Rent a PO Box if you feel the need for an address on your card. The small ones are quite cheap for a 6 month rental.


----------



## TellicoTurning (Jun 12, 2011)

I print my own cards using Avery clean perf templates... I don't put my address on my cards, only name, phone number, website and email.  I also put little pictures on my cards of things I turn... since I don't give out hundreds of cards, these work very well for me.


----------



## JimB (Jun 12, 2011)

Only put the contact information you want customers (strangers) to use. If you put your complete address on the cards you are really telling people it is OK to stop by unannounced. If you put your home phone number on the cards then anyone in the house needs to be prepared to answer phone calls even if it is just to take a message for you.


----------



## rizaydog (Jun 12, 2011)

Agree with above.  No need for an address.  Phone and email is all you need.  We get a lot of stalkers in the turning biz


----------



## Smitty37 (Jun 12, 2011)

*hmmmm*

I make my own....and I do have my address on the cards as well as my phone number.  I never have problems with people coming by unannounced looking for pen kits. (trying to sell me lawn service - yes, trying to sell me magazines - yes, trying to sell me Avon - yes.  Trying to buy pen kits - no)

Maybe it's just me but if I lived where I had to worry about people knowing where I live .... I'd move.


----------



## JimB (Jun 12, 2011)

Smitty37 said:


> I make my own....and I do have my address on the cards as well as my phone number. I never have problems with people coming by unannounced looking for pen kits. (trying to sell me lawn service - yes, trying to sell me magazines - yes, trying to sell me Avon - yes. Trying to buy pen kits - no)
> 
> Maybe it's just me but if I lived where I had to worry about people knowing where I live .... I'd move.


 
Sorry if I made it sound creepy earlier. I actually do have my address on my cards. I just wanted to be sure the OP considered this.


----------



## LandfillLumber (Jun 12, 2011)

Its best to make your biz card a mini advertisement telling what it is that you do.I think it nees to be simple not to crazy with garphics,ut to the point of wht you do.I would just put a city/state not your actual address that way they still know if you are local or not.Thats my two cents,Victor


----------



## Jgrden (Jun 12, 2011)

Would the IAP sponsor a card? It would link all the pen turners together. We could still print additional information on the back of them.


----------



## hunter-27 (Jun 12, 2011)

Smitty37 said:


> I make my own....and I do have my address on the cards as well as my phone number.  I never have problems with people coming by unannounced looking for pen kits. (trying to sell me lawn service - yes, trying to sell me magazines - yes, trying to sell me Avon - yes.  Trying to buy pen kits - no)
> 
> Maybe it's just me but if I lived where I had to worry about people knowing where I live .... I'd move.

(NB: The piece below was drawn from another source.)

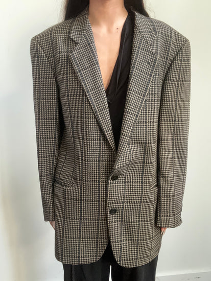 VINTAGE CREAM AND BLUE PLAID BLAZER

Dang my friend, you and I have a lot more in common than just a last name.:wink:


----------



## nava1uni (Jun 13, 2011)

You should look at Vista Print. I get my business cards from there and they are reasonably priced, lots of selection.  You can get 250 for free to see if you like them.  Here is a link to their site:  www.vistaprint.com


----------



## LandfillLumber (Jun 13, 2011)

Sorry to let all you know that crazy people live in every place in the USA,so don't think that your little town is as safe as you think.The guy down the road may be cutting bodies up and putting them in the back yard,just saying crazies live all over.I still think a lcation is good enough.Victor


----------



## SDB777 (Jun 13, 2011)

Had a few made up so I could put the ink stick info on the back of 'em when someone actually purchases one from me.  The front has nothing more then a catchy name, email address, and a phone number with a call between this time and that time.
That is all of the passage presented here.